Monday, April 7, 2014

What I've Been Reading

Flash Boys: A Wall Street Revolt by Michael Lewis.
  • Story of HFT: It's not new and many who don't even own a stock know it. But Lewis's hilarious  and entertaining prose makes it special. 
  • Robin-hoods saving "us" from HFT: I never heard this story until I read it here. Lewis gives us a glimpse of that better angles of our nature.  
  • Happy-endings: I don't believe that even for a second. HFT is just the beginning of what advances in AI will unleash this century. 
Story of HFT:

The day after Spread Networks acquired lifetime rights to a ten-foot-wide path under the wire rope factory’s parking lot, it sent out its first press release: “Round-trip travel time from Chicago to New Jersey has been cut to 13 milliseconds.” They’d set a goal of coming in at under 840 miles and beaten it; the line was 827 miles long. “It was the biggest what-the-fuck moment the industry had had in some time,” said Spivey.

The U.S. stock market was now a class system, rooted in speed, of haves and have-nots. The haves paid for nanoseconds; the have-nots had no idea that a nanosecond had value. The haves enjoyed a perfect view of the market; the have-nots never saw the market at all. What had once been the world’s most public, most democratic, financial market had become, in spirit, something more like a private viewing of a stolen work of art.


In a stock market now defined by its technology accidents, nothing actually happened by accident: There was a reason for even the oddest events. For instance, one day, investors woke up to discover that they’d bought shares in some company for $ 30.0001. Why? How was it possible to pay ten-thousandths of a penny for anything? Easy: High-frequency traders had asked for an order type that enabled them to tack digits on the right side of the decimal, so that they might jump the queue in front of people trying to pay $ 30.00. The reason for change was seldom explained; change just happened. “The fact that it is such an opaque industry should be alarming,” Brad said. “The fact that the people who make the most money want the least clarity possible— that should be alarming, too.”

How HFT Operate:

In spirit Scalpers Inc. was less a market enabler than a weird sort of market burden. Financial intermediation is a tax on capital; it’s the toll paid by both the people who have it and the people who put it to productive use. Reduce the tax and the rest of the economy benefits. Technology should have led to a reduction in this tax; the ability of investors to find each other without the help of some human broker might have eliminated the tax altogether. Instead this new beast rose up in the middle of the market and the tax increased— by billions of dollars. Or had it? To measure the cost to the economy of Scalpers Inc., you needed to know how much money it made.
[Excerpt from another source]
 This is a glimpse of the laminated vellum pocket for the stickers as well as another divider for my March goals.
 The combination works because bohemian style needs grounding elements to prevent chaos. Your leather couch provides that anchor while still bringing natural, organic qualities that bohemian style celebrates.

That was not possible. The new intermediaries were too good at keeping their profits secret. Secrecy might have been the signature trait of the entities who now sat at the middle of the stock market: You had to guess what they were making from what they spent to make it. Investors who eyeballed the situation did not find reason for hope. “There used to be this guy called Vinny who worked on the floor of the stock exchange,” said one big investor who had observed the market for a long time. “After the markets closed Vinny would get into his Cadillac and drive out to his big house in Long Island. Now there is the guy called Vladimir who gets into his jet and flies to his estate in Aspen for the weekend. I used to worry a little about Vinny. Now I worry a lot about Vladimir.”
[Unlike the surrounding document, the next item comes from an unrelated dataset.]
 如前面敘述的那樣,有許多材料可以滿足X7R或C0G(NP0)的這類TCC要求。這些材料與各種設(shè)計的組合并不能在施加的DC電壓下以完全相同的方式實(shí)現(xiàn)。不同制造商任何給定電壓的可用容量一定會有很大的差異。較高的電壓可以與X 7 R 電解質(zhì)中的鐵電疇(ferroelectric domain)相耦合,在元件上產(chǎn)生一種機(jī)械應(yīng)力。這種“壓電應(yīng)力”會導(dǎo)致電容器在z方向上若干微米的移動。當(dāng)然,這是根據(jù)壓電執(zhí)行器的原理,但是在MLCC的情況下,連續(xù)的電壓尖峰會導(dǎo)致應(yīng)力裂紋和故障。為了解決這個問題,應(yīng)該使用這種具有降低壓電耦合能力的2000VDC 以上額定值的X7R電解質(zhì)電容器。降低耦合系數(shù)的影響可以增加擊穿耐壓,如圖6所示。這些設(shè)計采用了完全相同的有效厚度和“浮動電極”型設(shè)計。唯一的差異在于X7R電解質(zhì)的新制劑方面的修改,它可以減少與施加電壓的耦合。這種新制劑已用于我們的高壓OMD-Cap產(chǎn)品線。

Apart from taking some large sum of money out of the market, and without taking risk or adding anything of use to that market, Scalpers Inc. had other, less intended consequences. Scalpers Inc. inserted itself into the middle of the stock market not just as an unnecessary middleman but as a middleman with incentives to introduce dysfunction into the stock market. Scalpers Inc. was incentivized, for instance, to make the market as volatile as possible. The value of its ability to buy Microsoft from you at $ 30 a share and to hold the shares for a few microseconds— knowing that, even if the Microsoft share price began to fall, it could turn around and sell the shares at $ 30.01— was determined by how likely it was that Microsoft’s share price, in those magical microseconds, would rise in price. The more volatile Microsoft’s share price, the higher Microsoft’s stock price might move during those microseconds, and the more Scalpers Inc. would be able to scalp. One might argue that intermediaries have always profited from market volatility, but that is not really true. The old specialists on the New York Stock exchange, for instance, because they were somewhat obliged to buy in a falling market and to sell in a rising one, often found that their worst days were the most volatile days. They thrived in times of relative stability.


The omnipresent lack of knowledge:

Goldman Sachs’s role in the trial was to make genuine understanding even more difficult. Its employees, on the witness stand, behaved more like salesmen for the prosecution than citizens of the state. “It’s not that they lied,” said Serge. “But they told things that were not in their expertise.”
Our system of justice is a poor tool for digging out a rich truth. What was really needed, it seemed to me, was for Serge Aleynikov to be forced to explain what he had done, and why, to people able to understand the explanation and judge it. Goldman Sachs had never asked him to explain himself, and the FBI had not sought help from anyone who actually knew anything at all about computers or the high-frequency trading business. 

“A guy got put in jail for taking something no one understood,” as one of Serge’s new jurors put it.